What are your “5 things I wish someone told me when I first started” and why. Please share a story or example for each.

Five things I wish I knew about raising emotionally resilient kids before I became a parent . . .

  1. Allow your child to feel all their feelings from a space of neutrality. When you escape or repress a feeling, you deny a part of yourself. Children will learn to thrive when they learn to experience their feelings from a space of neutrality.
  2. Allow your child to express their creativity and individuality. Each child is an individual expression of love in this world, with unique gifts and challenges. Please see them in their wholeness, as the gift that they are to humanity.
  3. Accept your child for who they are and let go of who you want them to be. Unfortunately, some parents expect their children to follow in their footsteps, to become a “mini-me.” This kind of expectation ignores the gifts and the energetic signatures of the child. Instead, open your heart to the possibilities present for your child, and allow them to follow their dreams.
  4. Be open, vulnerable, and authentic with your child. Share stories of your childhood; tell them how you felt when confronted with the difficulties they are experiencing. This opens a line of communication between you and your children; they will see you as someone who understands how they are feeling.
  5. Let your children know they matter by giving them your undivided attention every single day. It can be hard to balance all the demands of work, life, and home. But when you are on your deathbed, what will matter? Certainly not getting the dishes done, answering that text, or the next episode of The Game of Thrones — what matters is relationships. So give your children the gift of your time.

Can you please give us your favorite “Life Lesson Quote”? Can you share how that was relevant to you in your life?

I remember being in a self-development course offered by Preston Smiles and his lovely wife, Alexi. Preston spoke about comfort and described a “comfort couch.” He told of how we stay on the couch because it is what we know. We sit on the couch and build a fairytale castle across the room. We want the fairytale; we desire to be in that castle.

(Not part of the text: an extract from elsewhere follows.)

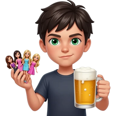 Little slim dark haïr boy with green eyes very arrogant with a cigar, there barbies in one hand and a beer in another emoji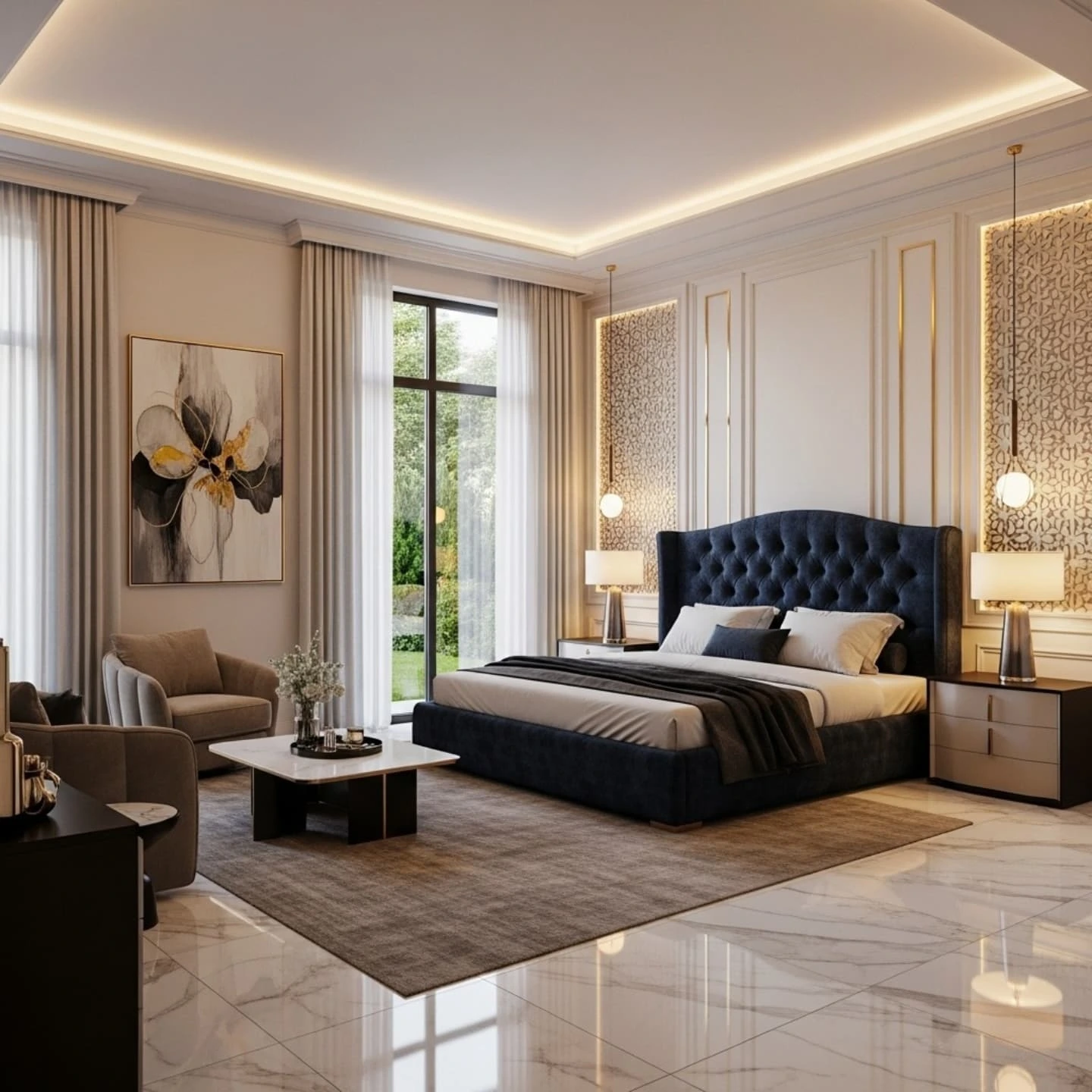 Get ready to be amazed by this fancy bedroom design! It truly shows modern luxury. It has rich details and an elegant look. The bold dark blue bed grabs your eye.

Yet, the couch is what we know; getting off the couch could bring discomfort. Preston said that only ten percent of people would chase their dreams; would get off the couch. But there is the no-mans-land between the couch and the fairytale castle, a place where we might encounter pushback. Preston says that 90% of those who got off the couch will run back for its comfort and never reach their castle. He says only one percent will ever achieve their dreams.

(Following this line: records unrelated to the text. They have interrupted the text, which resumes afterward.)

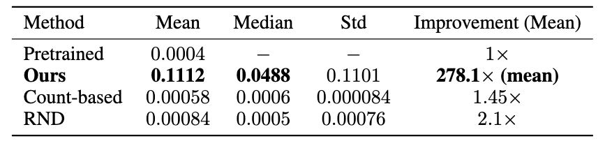 As shown in this table, BaNEL improves the success rate by 278x on average, outperforming baselines by several orders of magnitude.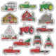 Conjunto de pegatinas de granja de Navidad de pequeño camión rojo. Con la obra de arte original "Little Red Truck" de Rick Ellinger. Perfecto para decorar tus artículos para Navidad y agregar un acento de granja rural. También es bueno para decorar tu álbum de recortes o tus tarjetas y sobres de Navidad. 14 pegatinas individuales, cada una de 2" de ancho. Incluye tractor rojo y tractor verde.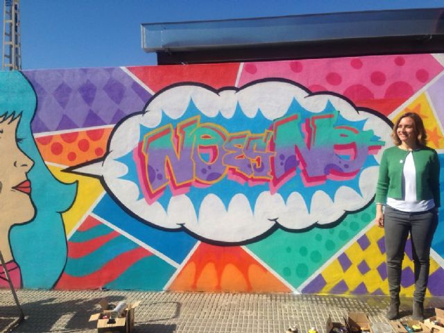 La Concejala de Derechos Sociales y Cooperación al Desarrollo del Ayuntamiento de Murcia, Conchita Ruiz, ha visitado esta mañana el IES Aljada para asistir a la clausura del Taller "El Amor nos sienta bien" y la inauguración de un gran mural reivindicativo en favor de la igualdad entre hombres y mujeres.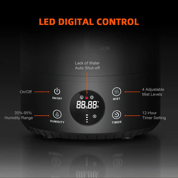 Dank des 6-Liter-Tanks kann der Luftbefeuchter bis zu 22 Stunden ununterbrochen arbeiten, ohne dass du Wasser nachfüllen musst. Dadurch bleibt die Luftfeuchtigkeit konstant, was besonders für größere Anbauflächen von Vorteil ist. Der Luftbefeuchter arbeitet dabei mit einer Leistung von 26 Watt, wodurch er energiesparend und effizient ist.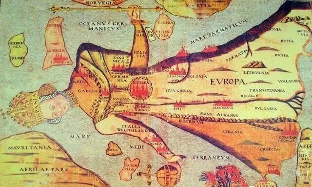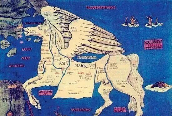 1581年绘制的“飞马亚洲”地图。马首是小亚细亚,后颔是亚美尼亚,颈部是西亚,右翼是斯基泰,左翼是鞑靼,从后腰到右后腿是印度,左后腿是马来半岛,马尾是Quinsay指称的是杭州,而此图作者在这里则是用Quinsay来代表中国。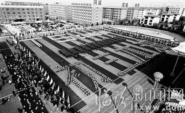 臨汾新聞網訊 近日,在臨汾同盛實驗中學運動場上,1500人組成了“初三加油”的字樣,這是該校2016年中考百日沖刺誓師大會的壯觀場面。該校初三全體學子莊嚴宣誓:百日競渡,破浪展雄風;百日拼搏,一戰定成功……決戰中考,我們必勝。”同時,家長們也在條幅上寫下了祝福鼓勵孩子們的話。 記者 孫國芳 攝
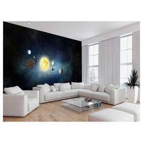 A impressão é feita em vinil adesivo. É um material lavável, impermeável, autocolante e antimofo. O produto cobre uma área de 3,50m, contando com 1,75 metro de altura por 2 metros de largura.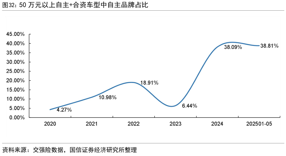 自主品牌高端化趋势显著,50万元以上的合资+自主品牌车型中,自主品牌占比高速增长。50万元以上的国产车中,自主品牌占比从2020年的4.27%增长至2024年的38%。自主品牌高端化趋势迅猛,以鸿蒙智行系旗下的问界M9为代表的50万元以上自主品牌车型,对豪华合资车型产生了巨大影响。一方面,自主品牌豪车不断攻取合资品牌份额;另一方面,为了应对自主品牌竞争,合资豪车通过折扣、下调指导价等方式降价,导致自主品牌在50万元以上占比快速提升。若以终端成交价为口径,预计50万元以上自主品牌占比将更高。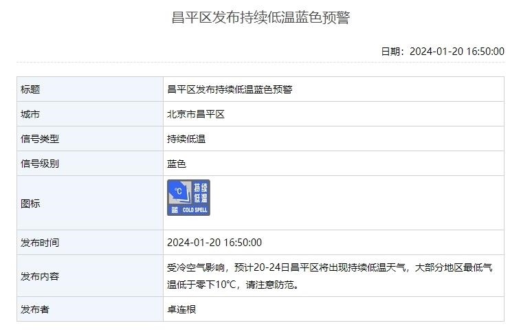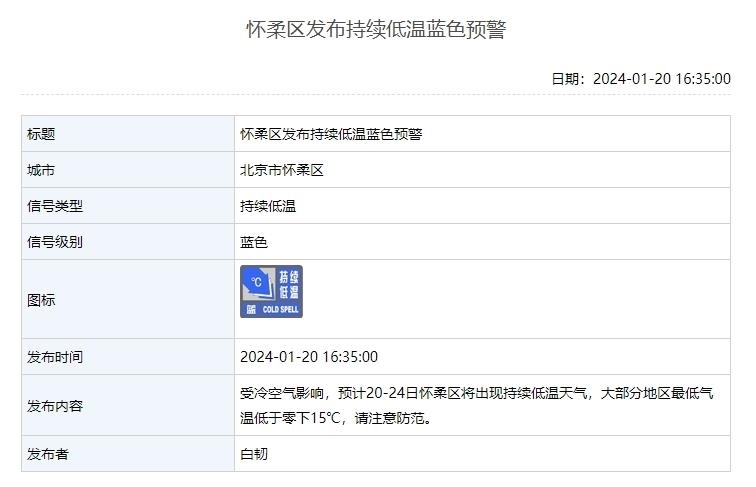 1月20日,北京延慶、懷柔、昌平3區(qū)發(fā)布持續(xù)低溫藍色預(yù)警。受冷空氣影響,預(yù)計20—24日這3個區(qū)將出現(xiàn)持續(xù)低溫天氣,其中延慶、懷柔兩地大部分地區(qū)氣溫低于零下15℃,請注意防范。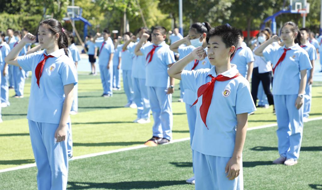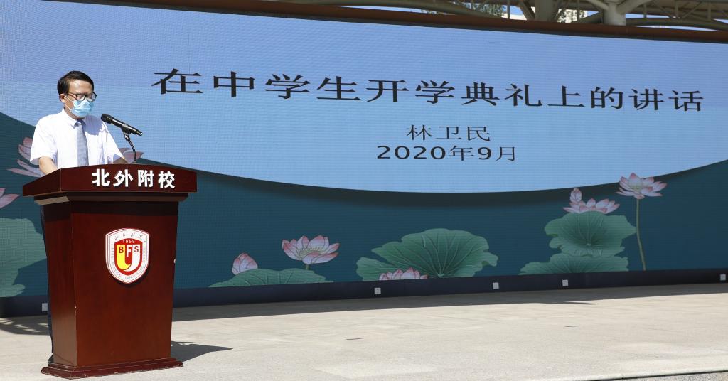 虎步奔腾开胜景,秋风浩荡展鸿图。夏日的热度尚未消退,我们又回到了九月的校园。沐浴晨光,充满了新学年的期望,迎接2020—2021学年第一学期开学典礼。9月1日上午,我校举行以“教育向未来,成长在当下”为主题的初中开学典礼。国家督学、研究员、我校校长林卫民,党总支书记张继军,副校长高雁鸣,副校长于苒,副校长、初中执行校长杨磊,小学执行校长刘宏利,党总支委员、小学副校长李琳,行政中心主任谭畅,宿管中心主任李洪杰,家长代表董华女士等校领导、嘉宾出席,初中校区全体师生参加,活动由校团委书记潘铎轩主持。
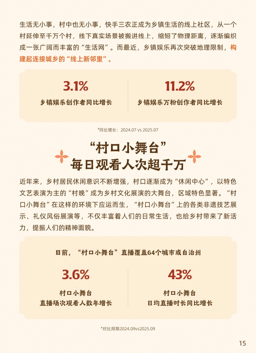 近年来,乡村居民的休闲需求日益旺盛,村口作为传统“休闲中心”的功能被重新激活,一种由农民自导自演、在村口搭台演出的“村口小舞台”模式逐渐兴起。过去一年,快手上的乡镇娱乐创作者数量同比增长3.1%。他们将直播间变为“新广场”,通过多样化的才艺展示丰富了乡村娱乐生活,让普通农民成为舞台的主角,为乡村文化振兴注入了新活力。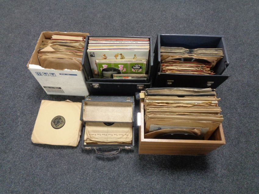 Four cases and a box containing vinyl 78's.

This story resonates with me. I reflected on being my comfortable couch, building my fairytale (books, not a castle). I was comfortable writing; it was easy for me. Then I got off the couch, starting to publish and market my books. I encountered so many blocks in that no-mans-land, including running out of funds, having difficulty increasing my followers, and having people shut the door in my face. I couldn’t find a literary agent. I had to learn the hard way that there are different kinds of editors, and you may need more than one. Even today, I am still in the no-mans-land . . . I haven’t reached the castle yet. The last year has taught me I must be comfortable with being uncomfortable; I must embrace uncertainty. I feel that is the key to success, being willing to step into discomfort for the greater good.

Is there a person in the world, or in the US with whom you would like to have a private breakfast or lunch with, and why? He or she might just see this, especially if we tag them. 🙂

There are so many wonderful people in this world; I could make a list a mile long, starting with Oprah Winfrey, because of the love she shares so beautifully in this world. But who am I to meet Oprah? If I had to reach high but be realistic, the one person I would love to have lunch with is Marianne Williamson because of the love she brings to her interactions.

How can our readers further follow your work online?

Readers who wish to know more about shifting perspectives, allowing their feelings, and finding more joy in their life can access my books, online course, or blog at angelalegh.com.

This was very meaningful, thank you so much. We wish you only continued success on your great work!

Thank you for providing space for me to share my message. Very much appreciated.